SUPPLIED MATERIAL below:

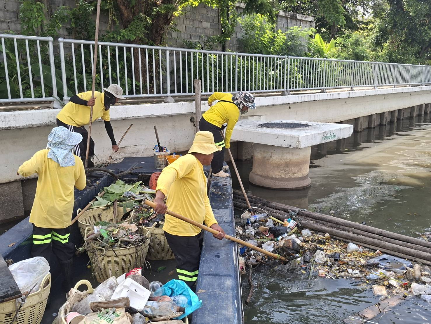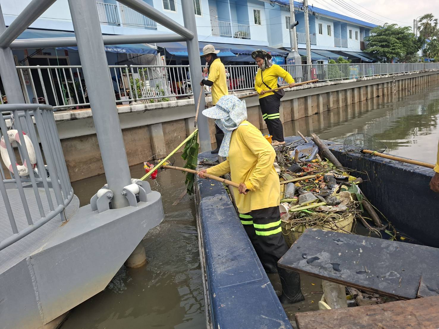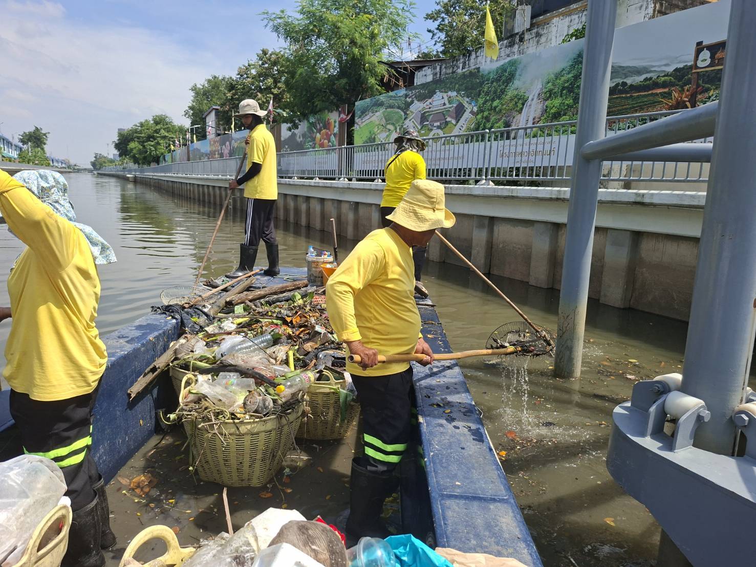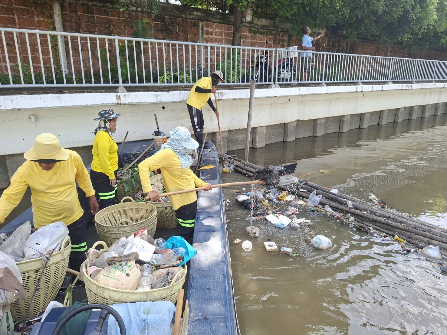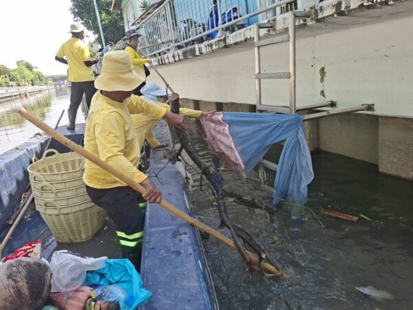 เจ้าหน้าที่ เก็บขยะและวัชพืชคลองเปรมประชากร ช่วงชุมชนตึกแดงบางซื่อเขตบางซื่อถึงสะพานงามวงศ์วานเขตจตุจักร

End of SUPPLIED MATERIAL.
SUPPLIED MATERIAL below:

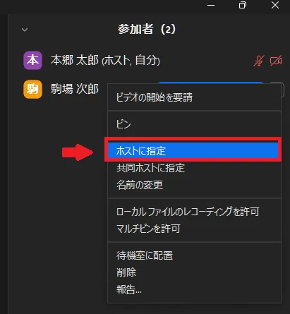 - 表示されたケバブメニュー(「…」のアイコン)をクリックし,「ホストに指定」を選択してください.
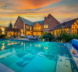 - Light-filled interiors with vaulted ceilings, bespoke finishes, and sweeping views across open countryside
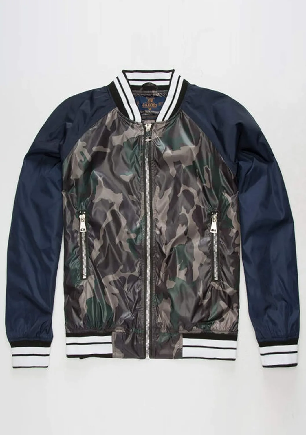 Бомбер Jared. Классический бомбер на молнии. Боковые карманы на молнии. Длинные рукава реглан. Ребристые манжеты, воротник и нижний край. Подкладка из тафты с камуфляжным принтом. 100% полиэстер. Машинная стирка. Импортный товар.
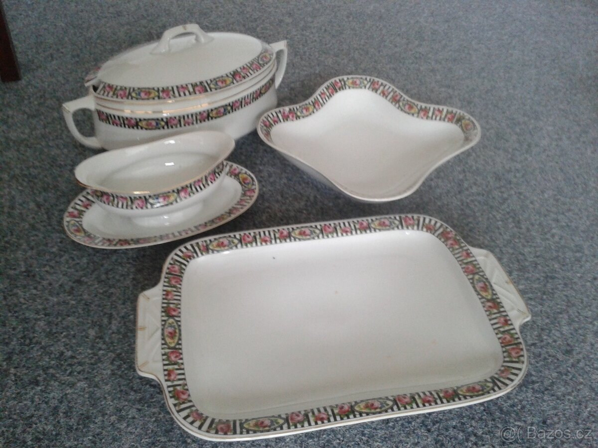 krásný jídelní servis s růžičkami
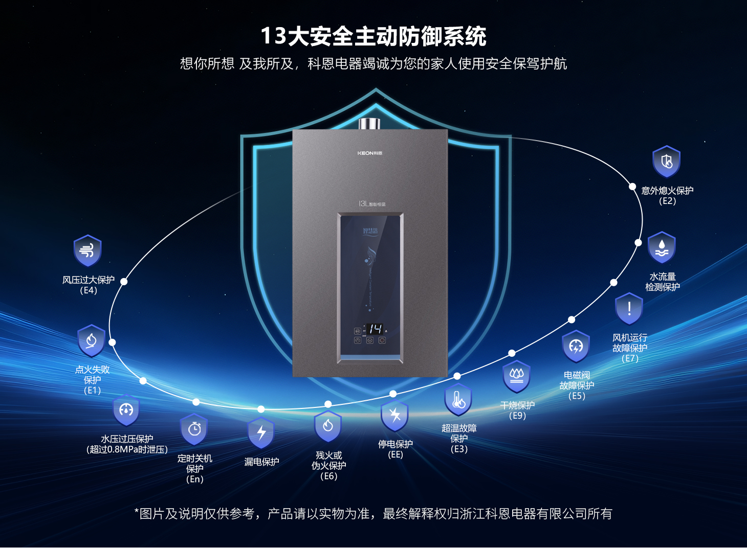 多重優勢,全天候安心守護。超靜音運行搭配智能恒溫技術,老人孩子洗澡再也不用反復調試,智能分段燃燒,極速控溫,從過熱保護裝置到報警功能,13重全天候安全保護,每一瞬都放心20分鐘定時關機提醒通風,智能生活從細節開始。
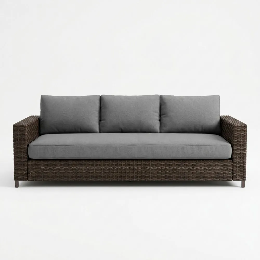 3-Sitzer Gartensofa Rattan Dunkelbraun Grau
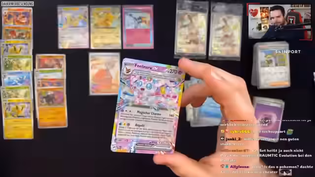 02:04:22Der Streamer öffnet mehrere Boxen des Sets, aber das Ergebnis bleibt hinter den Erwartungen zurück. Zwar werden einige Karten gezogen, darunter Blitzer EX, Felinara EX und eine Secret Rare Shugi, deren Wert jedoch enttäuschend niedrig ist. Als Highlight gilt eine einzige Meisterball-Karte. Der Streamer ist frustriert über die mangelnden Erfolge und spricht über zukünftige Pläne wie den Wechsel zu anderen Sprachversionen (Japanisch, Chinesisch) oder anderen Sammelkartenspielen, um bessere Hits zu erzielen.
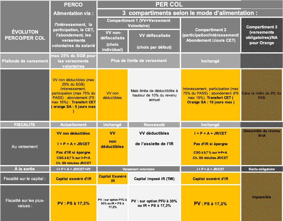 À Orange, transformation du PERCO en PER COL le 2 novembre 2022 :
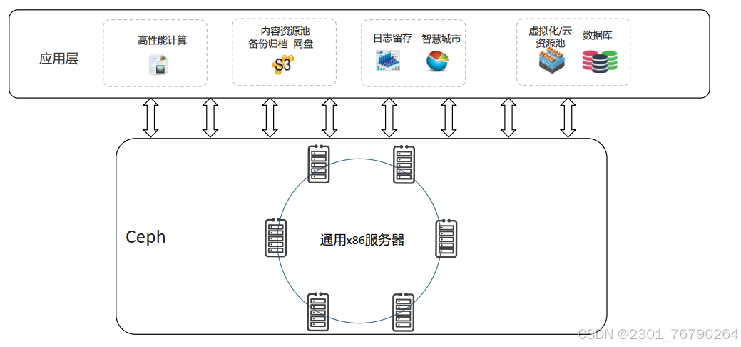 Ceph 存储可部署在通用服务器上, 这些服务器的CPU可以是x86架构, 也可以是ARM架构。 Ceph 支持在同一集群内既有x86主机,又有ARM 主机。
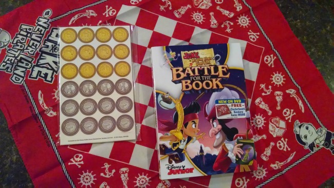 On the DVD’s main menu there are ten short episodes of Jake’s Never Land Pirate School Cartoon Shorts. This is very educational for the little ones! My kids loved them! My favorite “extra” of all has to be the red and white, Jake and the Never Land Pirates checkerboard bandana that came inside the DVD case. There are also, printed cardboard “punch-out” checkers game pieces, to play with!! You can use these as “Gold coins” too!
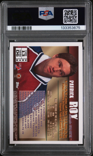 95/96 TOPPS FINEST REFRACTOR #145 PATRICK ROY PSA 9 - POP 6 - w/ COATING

End of SUPPLIED MATERIAL.

● REQUIRED WORK
Write down exactly what the lines above say, from the line holding "多重優勢,全天候安心守護。超" through the line holding "3-Sitzer Gartensofa Rattan Dunkelbraun Grau", and nothing more. Do not copy the pictures.

● EXPECTED OUTPUT
 多重優勢,全天候安心守護。超靜音運行搭配智能恒溫技術,老人孩子洗澡再也不用反復調試,智能分段燃燒,極速控溫,從過熱保護裝置到報警功能,13重全天候安全保護,每一瞬都放心20分鐘定時關機提醒通風,智能生活從細節開始。
 3-Sitzer Gartensofa Rattan Dunkelbraun Grau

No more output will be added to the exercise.